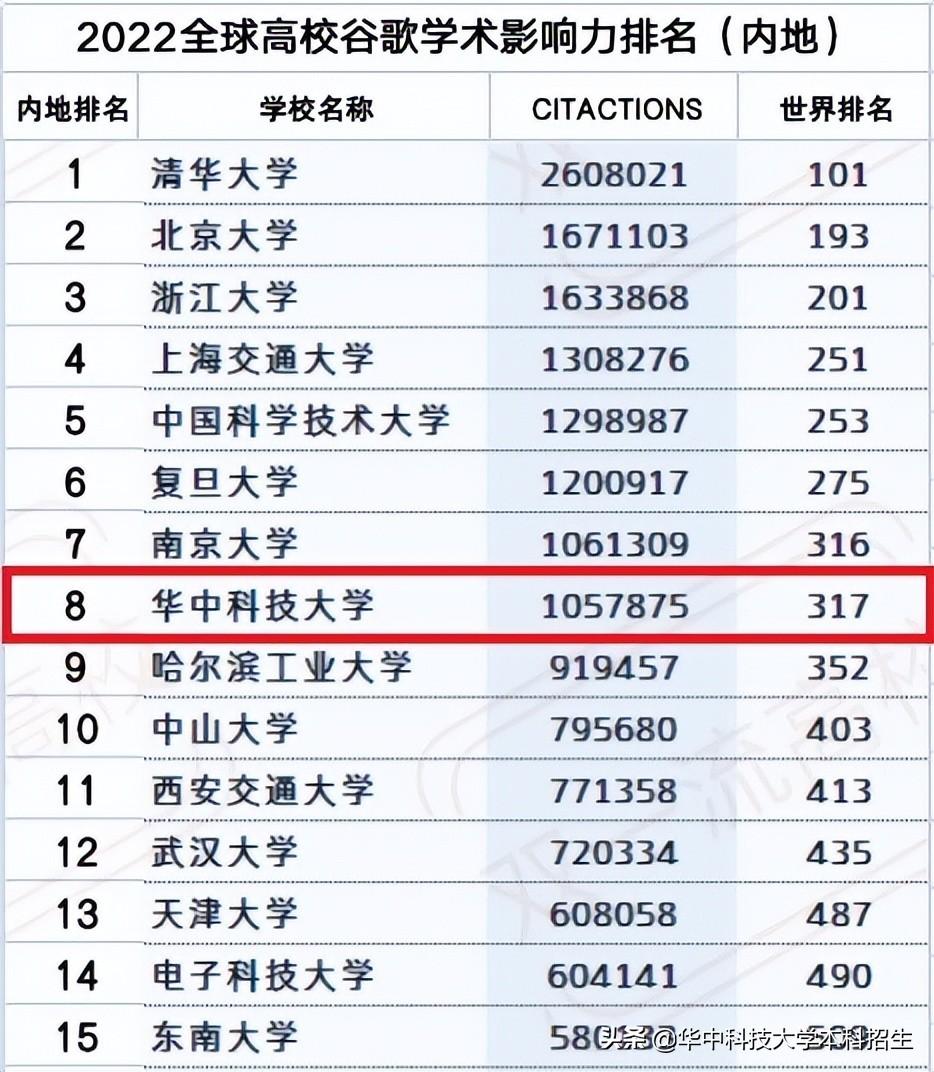 在2022全球大学谷歌学术影响力排名中位居中国内地高校第8名,世界排名第317名。
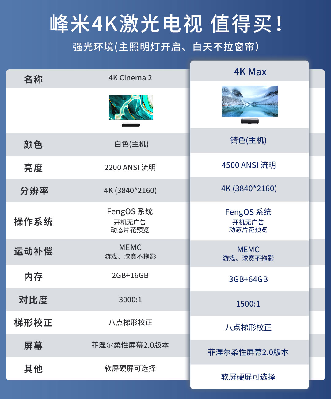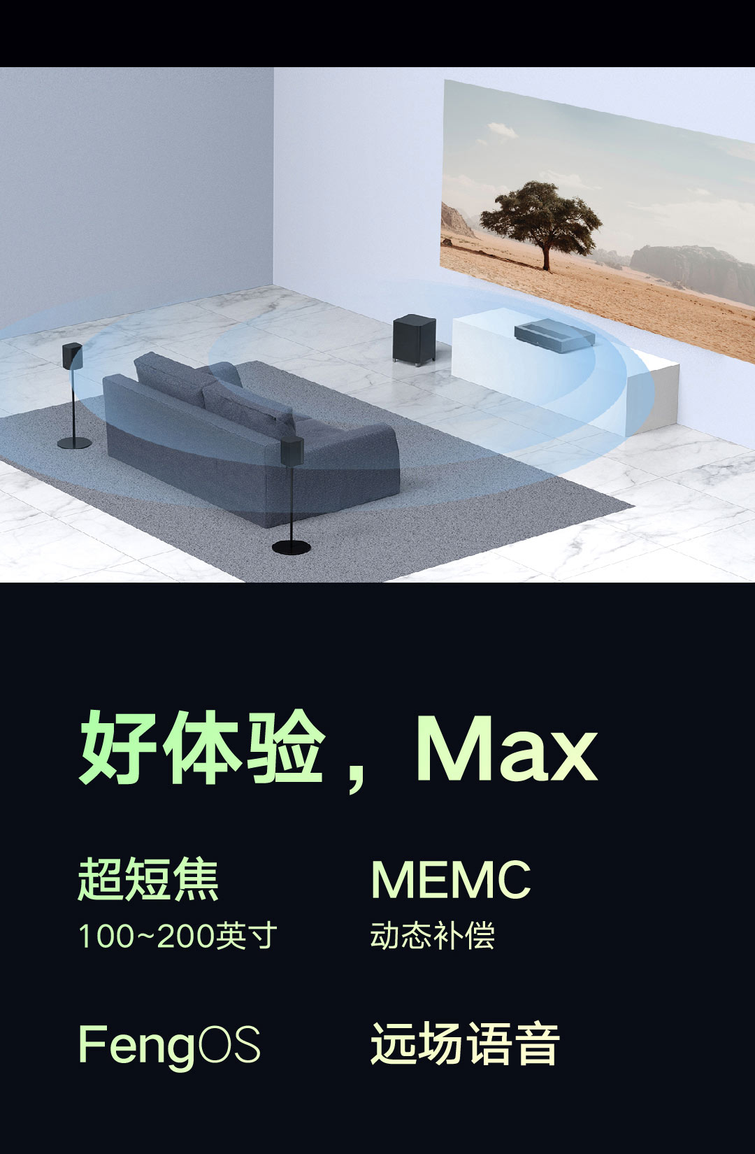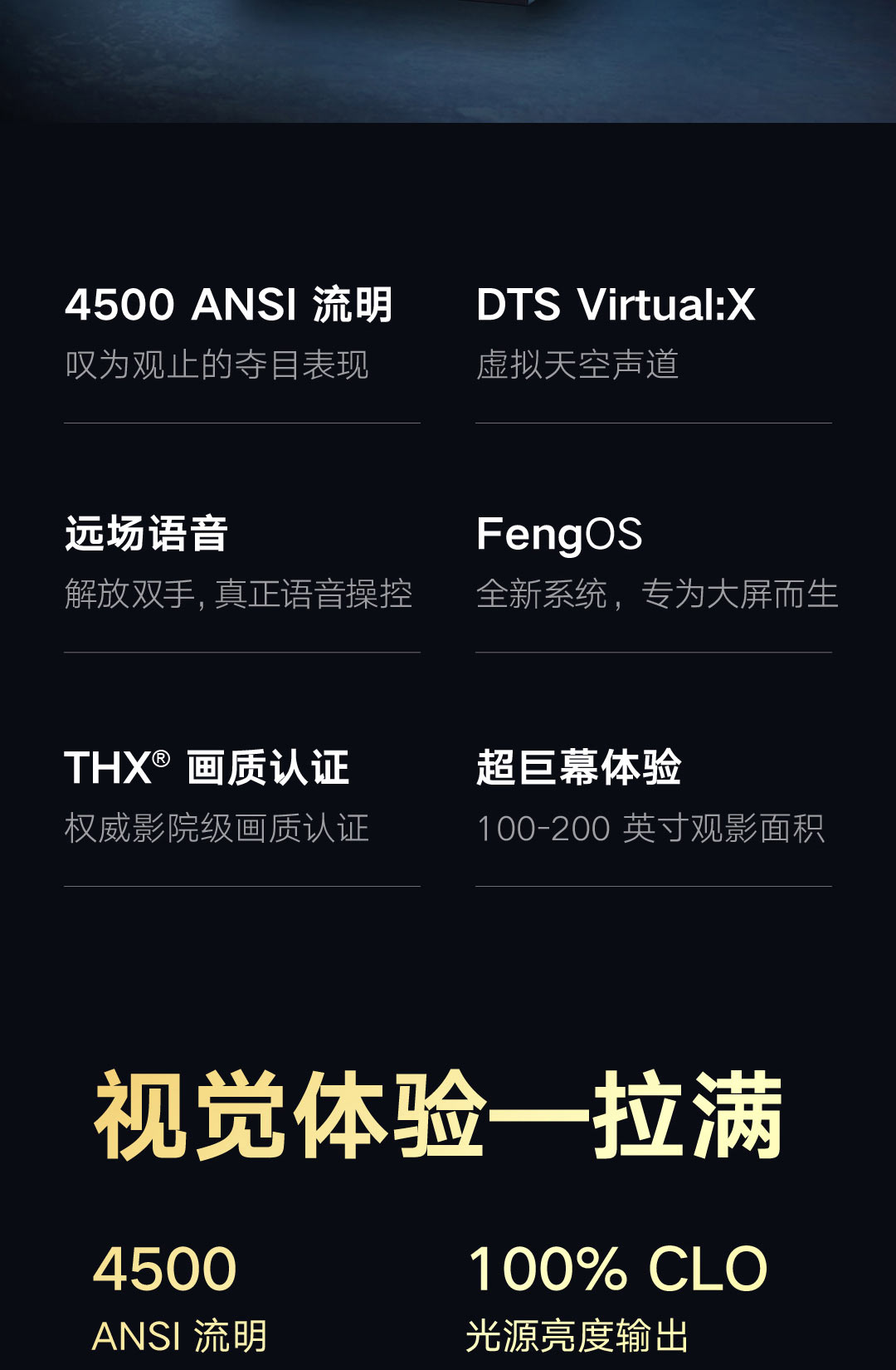 4500ANSI流明,巨幕观影,FengOS系统
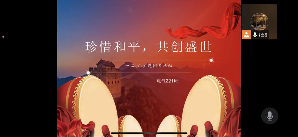 12月9日电气221班开展纪念“一二·九”爱国主题团课活动。活动由团支书纪帅琪主持,全体学生参加本次主题团课活动。
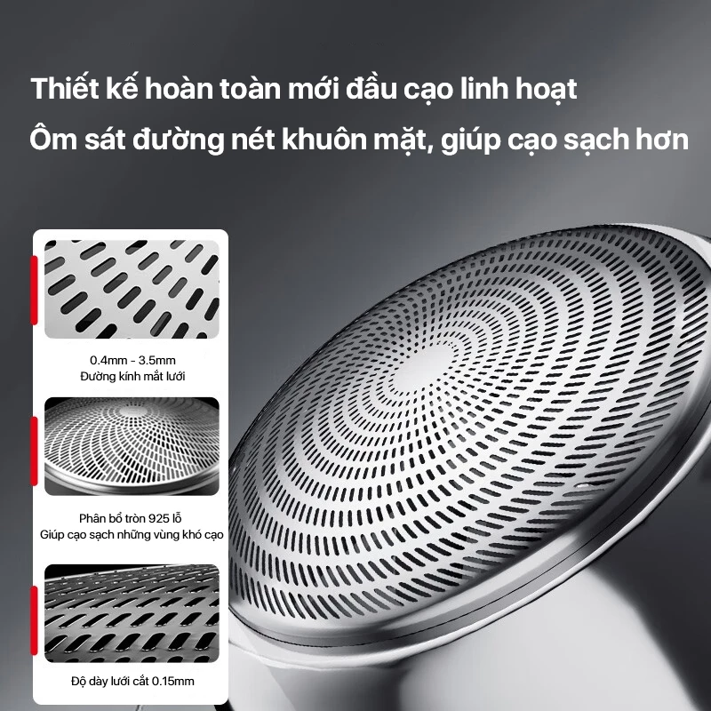 – Đầu dao thiết kế dạng lưới với 925 lỗ dao động từ 0,4-3,5mm hạn chế tối đa góc chết khi cạo râu. Đồng thời đầu dao được thiết kế cong nhẹ dễ dàng sử dụng trên mặt
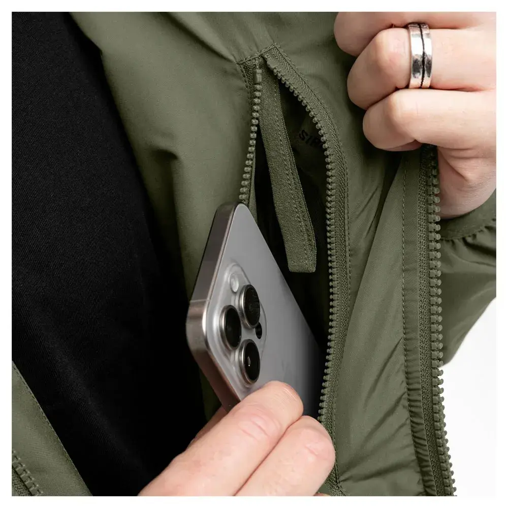 Она имеет капюшон и высокий воротник, а также два боковых кармана с молниями SBS и шнурками-застежками-молниями, а также эластичные края на манжетах, внизу и капюшоне. Куртку можно легко сложить в карман для самостоятельной укладки, чтобы вы могли брать ее с собой куда угодно.
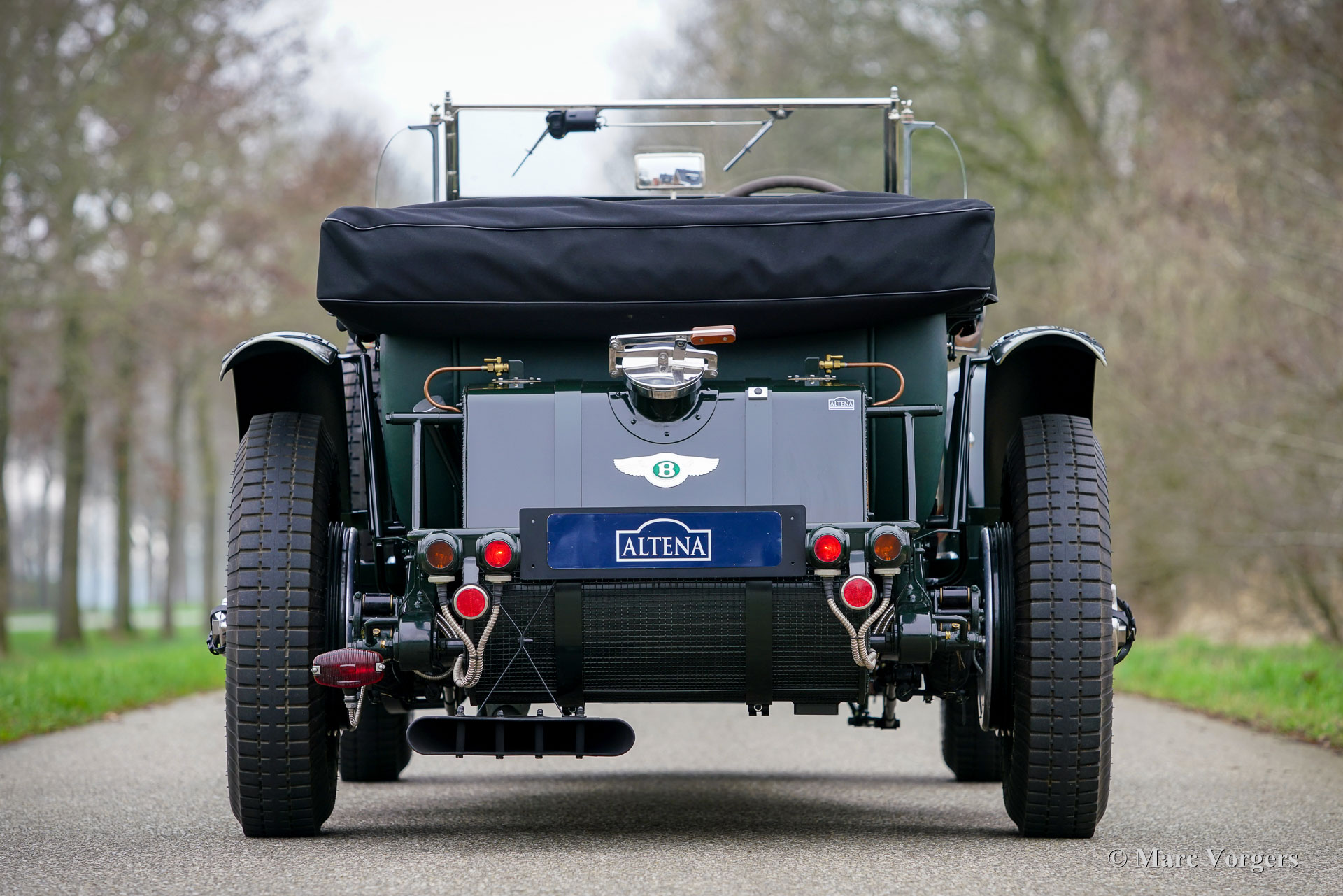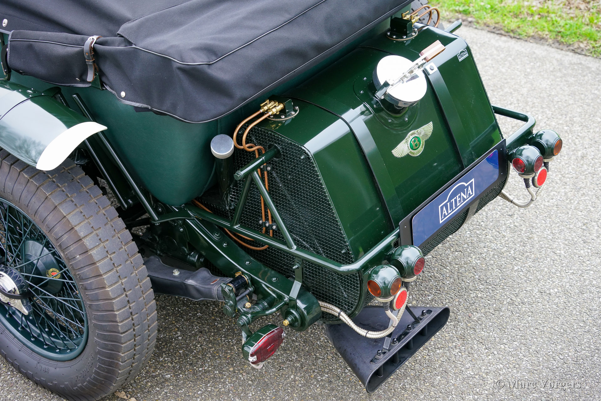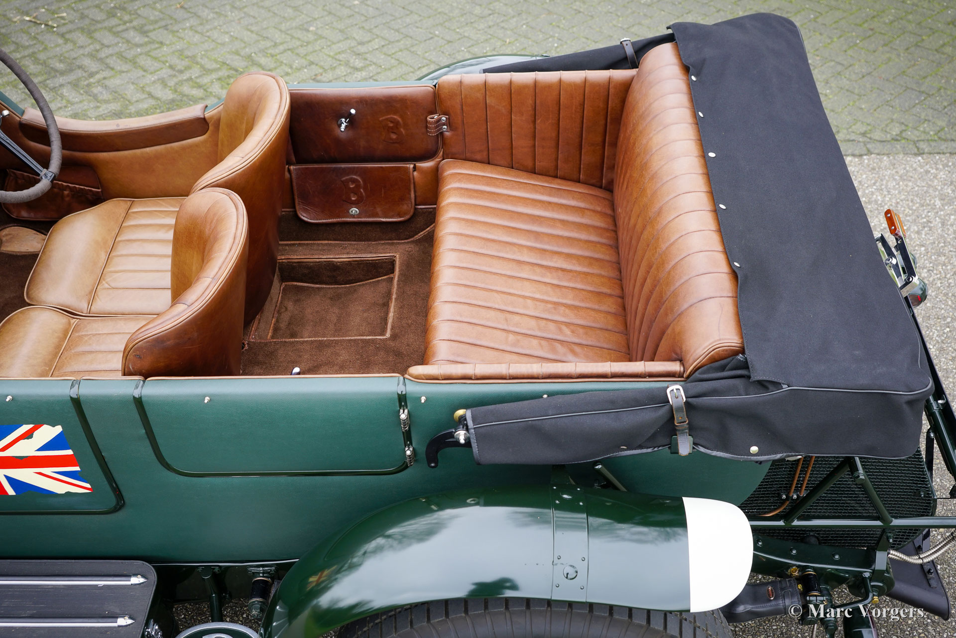 The Bentley 3 Litre was W.O. Bentley’s first design. The car was presented in 1919 but the first cars were sold in 1921. The four cylinder cars of rugged construction where in a class of their own for they combined the size and comfort of the big tourers and saloons with the road holding, and speed of the smaller sports- and racing cars. The Bentley was a true owner-driver car for the sporting motorist and connoisseur. The Bentley car could be had in three different types which were designated with three different radiator badges*. Red badge: short chassis speed model, Blue badge: the early short and then long chassis type for bespoke bodywork, Green badge: very rare and used for about eighteen 100 mph. These Green badge car won at Le Mans in 1924 and 1927 (Old Number Seven.) The 3-Litre was built from 1919 until 1929.

------

WHAT TO PRODUCE: Each entry, start to finish, goes into your copy exactly; the pictures stay out.

FINAL ANSWER:
 在2022全球大学谷歌学术影响力排名中位居中国内地高校第8名,世界排名第317名。
 4500ANSI流明,巨幕观影,FengOS系统
 12月9日电气221班开展纪念“一二·九”爱国主题团课活动。活动由团支书纪帅琪主持,全体学生参加本次主题团课活动。
 – Đầu dao thiết kế dạng lưới với 925 lỗ dao động từ 0,4-3,5mm hạn chế tối đa góc chết khi cạo râu. Đồng thời đầu dao được thiết kế cong nhẹ dễ dàng sử dụng trên mặt
 Она имеет капюшон и высокий воротник, а также два боковых кармана с молниями SBS и шнурками-застежками-молниями, а также эластичные края на манжетах, внизу и капюшоне. Куртку можно легко сложить в карман для самостоятельной укладки, чтобы вы могли брать ее с собой куда угодно.
 The Bentley 3 Litre was W.O. Bentley’s first design. The car was presented in 1919 but the first cars were sold in 1921. The four cylinder cars of rugged construction where in a class of their own for they combined the size and comfort of the big tourers and saloons with the road holding, and speed of the smaller sports- and racing cars. The Bentley was a true owner-driver car for the sporting motorist and connoisseur. The Bentley car could be had in three different types which were designated with three different radiator badges*. Red badge: short chassis speed model, Blue badge: the early short and then long chassis type for bespoke bodywork, Green badge: very rare and used for about eighteen 100 mph. These Green badge car won at Le Mans in 1924 and 1927 (Old Number Seven.) The 3-Litre was built from 1919 until 1929.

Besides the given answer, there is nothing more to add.